▸ WHAT YOU NEED TO DO: From the line with "吴泽俊对员工的慷慨捐赠表示感" to the final line of the records, reproduce every line exactly and only those lines.

==== GIVEN RECORDS ====

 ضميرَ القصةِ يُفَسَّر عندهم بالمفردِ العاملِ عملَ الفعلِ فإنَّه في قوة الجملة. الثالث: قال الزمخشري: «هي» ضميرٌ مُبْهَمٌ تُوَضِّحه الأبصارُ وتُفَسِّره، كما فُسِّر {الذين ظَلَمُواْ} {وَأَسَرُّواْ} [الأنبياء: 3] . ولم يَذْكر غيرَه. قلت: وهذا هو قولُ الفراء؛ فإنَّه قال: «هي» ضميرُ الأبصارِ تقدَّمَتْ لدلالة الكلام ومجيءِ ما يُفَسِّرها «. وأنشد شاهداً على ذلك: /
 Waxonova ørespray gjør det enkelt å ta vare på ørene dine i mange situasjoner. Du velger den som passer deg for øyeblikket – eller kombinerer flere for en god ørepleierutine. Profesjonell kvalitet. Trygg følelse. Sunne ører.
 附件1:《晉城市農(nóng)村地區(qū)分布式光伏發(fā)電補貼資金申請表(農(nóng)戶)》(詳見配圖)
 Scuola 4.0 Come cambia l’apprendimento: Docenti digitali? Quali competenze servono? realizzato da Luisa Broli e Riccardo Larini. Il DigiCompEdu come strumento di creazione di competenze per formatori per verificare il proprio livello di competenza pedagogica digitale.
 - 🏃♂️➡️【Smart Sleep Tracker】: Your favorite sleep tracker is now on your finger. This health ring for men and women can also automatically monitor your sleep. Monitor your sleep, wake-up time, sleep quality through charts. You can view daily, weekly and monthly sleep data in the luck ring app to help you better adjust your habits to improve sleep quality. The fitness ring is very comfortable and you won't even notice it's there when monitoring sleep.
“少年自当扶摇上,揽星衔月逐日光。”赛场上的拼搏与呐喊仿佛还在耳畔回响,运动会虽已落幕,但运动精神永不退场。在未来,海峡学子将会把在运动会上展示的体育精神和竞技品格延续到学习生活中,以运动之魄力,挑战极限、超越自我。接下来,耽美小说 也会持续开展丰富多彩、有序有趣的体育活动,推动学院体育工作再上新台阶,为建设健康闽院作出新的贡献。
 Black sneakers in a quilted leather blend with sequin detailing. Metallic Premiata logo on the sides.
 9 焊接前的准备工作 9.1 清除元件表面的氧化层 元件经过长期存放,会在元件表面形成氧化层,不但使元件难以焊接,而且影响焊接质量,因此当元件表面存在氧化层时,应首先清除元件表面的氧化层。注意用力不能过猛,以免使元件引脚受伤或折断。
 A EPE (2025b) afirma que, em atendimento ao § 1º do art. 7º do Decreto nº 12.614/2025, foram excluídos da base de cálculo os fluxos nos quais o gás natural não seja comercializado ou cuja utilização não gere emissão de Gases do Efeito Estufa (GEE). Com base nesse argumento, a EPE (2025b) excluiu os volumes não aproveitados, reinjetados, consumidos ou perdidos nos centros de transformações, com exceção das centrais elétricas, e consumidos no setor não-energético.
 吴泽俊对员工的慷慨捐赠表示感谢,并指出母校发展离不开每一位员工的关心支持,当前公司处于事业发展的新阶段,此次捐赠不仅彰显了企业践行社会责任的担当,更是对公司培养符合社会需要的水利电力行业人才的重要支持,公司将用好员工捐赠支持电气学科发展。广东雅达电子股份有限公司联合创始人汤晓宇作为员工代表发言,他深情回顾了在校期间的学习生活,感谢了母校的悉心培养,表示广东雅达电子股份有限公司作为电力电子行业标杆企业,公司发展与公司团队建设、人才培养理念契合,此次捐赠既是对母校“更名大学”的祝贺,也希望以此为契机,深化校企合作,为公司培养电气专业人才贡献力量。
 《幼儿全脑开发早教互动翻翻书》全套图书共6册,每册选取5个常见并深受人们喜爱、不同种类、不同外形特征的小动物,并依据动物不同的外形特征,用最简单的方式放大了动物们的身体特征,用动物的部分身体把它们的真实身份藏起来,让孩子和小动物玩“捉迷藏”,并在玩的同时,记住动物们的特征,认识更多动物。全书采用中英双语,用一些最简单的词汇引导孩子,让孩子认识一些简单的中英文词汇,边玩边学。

====

▸ RESULT FOR THIS TASK:
 吴泽俊对员工的慷慨捐赠表示感谢,并指出母校发展离不开每一位员工的关心支持,当前公司处于事业发展的新阶段,此次捐赠不仅彰显了企业践行社会责任的担当,更是对公司培养符合社会需要的水利电力行业人才的重要支持,公司将用好员工捐赠支持电气学科发展。广东雅达电子股份有限公司联合创始人汤晓宇作为员工代表发言,他深情回顾了在校期间的学习生活,感谢了母校的悉心培养,表示广东雅达电子股份有限公司作为电力电子行业标杆企业,公司发展与公司团队建设、人才培养理念契合,此次捐赠既是对母校“更名大学”的祝贺,也希望以此为契机,深化校企合作,为公司培养电气专业人才贡献力量。
 《幼儿全脑开发早教互动翻翻书》全套图书共6册,每册选取5个常见并深受人们喜爱、不同种类、不同外形特征的小动物,并依据动物不同的外形特征,用最简单的方式放大了动物们的身体特征,用动物的部分身体把它们的真实身份藏起来,让孩子和小动物玩“捉迷藏”,并在玩的同时,记住动物们的特征,认识更多动物。全书采用中英双语,用一些最简单的词汇引导孩子,让孩子认识一些简单的中英文词汇,边玩边学。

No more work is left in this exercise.